Interface jitter is a concern if it causes uncorrected errors in the recovered signal; the quality of transmitted data can be monitored by error detection circuits at the receiver. Many data streams are self-clocking; a receiver must recover the clock and hence the data by synchronizing to the transmitted clock. A receiving circuit with a fixed clock would not be able to lock onto a signal with unregulated timing variations in the received clock, even if its rate was nominally equal to the received clock rate. For this reason, receiving circuits commonly use a phase locked loop (PLL) circuit to align their clocks with the data rate of the incoming signal. An interface PLL, as shown in Fgr. 27, acts like a mechanical flywheel, using its lowpass filter characteristic to attenuate short-term fluctuations in the signal timing. It tracks the slowly changing data signal, but strips off its quickly changing jitter. A PLL accepts the input signal as a timing reference, measures the phase error between the input signal and its own output through a feedback loop and uses the error to control a voltage controlled oscillator (VCO) within the loop. In response, the VCO reaches equilibrium by minimizing this loop phase error. Once the VCO is locked to the phase of the input signal, the oscillator runs at the reference frequency or a multiple of it. The oscillator is decoupled from the reference, attenuating high-frequency jitter on the PLL's output data. A PLL can thus provide jitter reduction by reclocking signals to an accurate and stable timebase.

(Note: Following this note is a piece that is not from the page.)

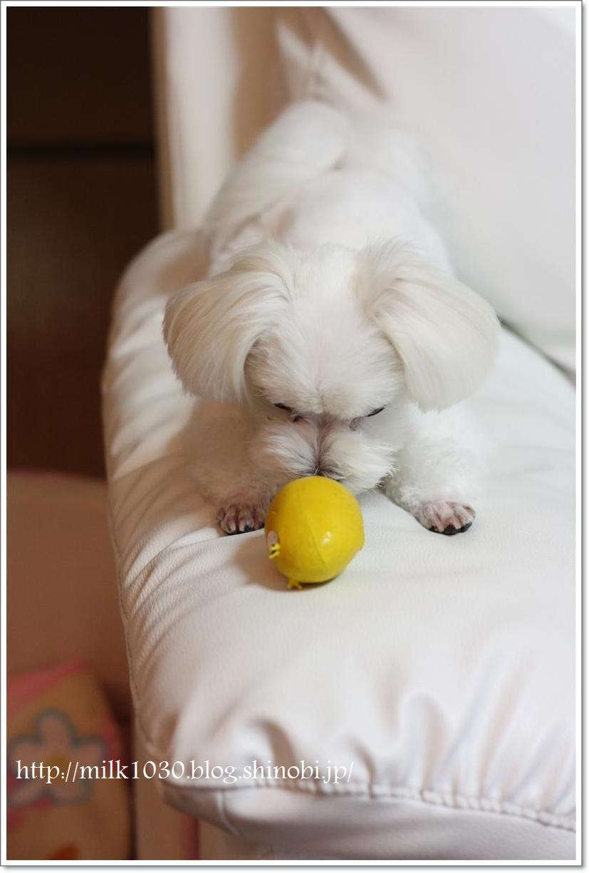 プッちゃんは大好きなボール遊び

Adversely, at lower jitter frequencies relative to the filter's corner frequency, a PLL's jitter attenuation will be reduced.

At low jitter frequencies, the PLL will track the jitter and pass it on (a second PLL stage with a lower corner frequency might be needed). Moreover, any gain near the cutoff frequency of the PLL's lowpass filter function would increase jitter.


FGR. 27 An example of an interface phase-locked loop.

The PLL's limited bandwidth prevents jitter from passing through the PLL on the output data or output clock.

If the recovered data is free of errors, interface jitter has not affected it. However, if subsequent reclocking circuits don’t remove jitter from the recovered data, potentially audible artifacts can result from sampling jitter at the D/A converter. Sampling jitter can affect quality of an audio signal as it’s sampled or resampled with this timing error.

Sampling jitter can be induced by sampling clocks, and affects the quality of the reproduced signal, adding noise and distortion. Timing tolerances must be very tight so that timing errors in a recovered clock are minimized. The clock generating circuits used in a sampling device may derive a timing reference from the interface signal. In this case, a PLL might be needed to remove interface jitter to yield a sample clock that is pure enough to avoid potentially audible jitter modulation products.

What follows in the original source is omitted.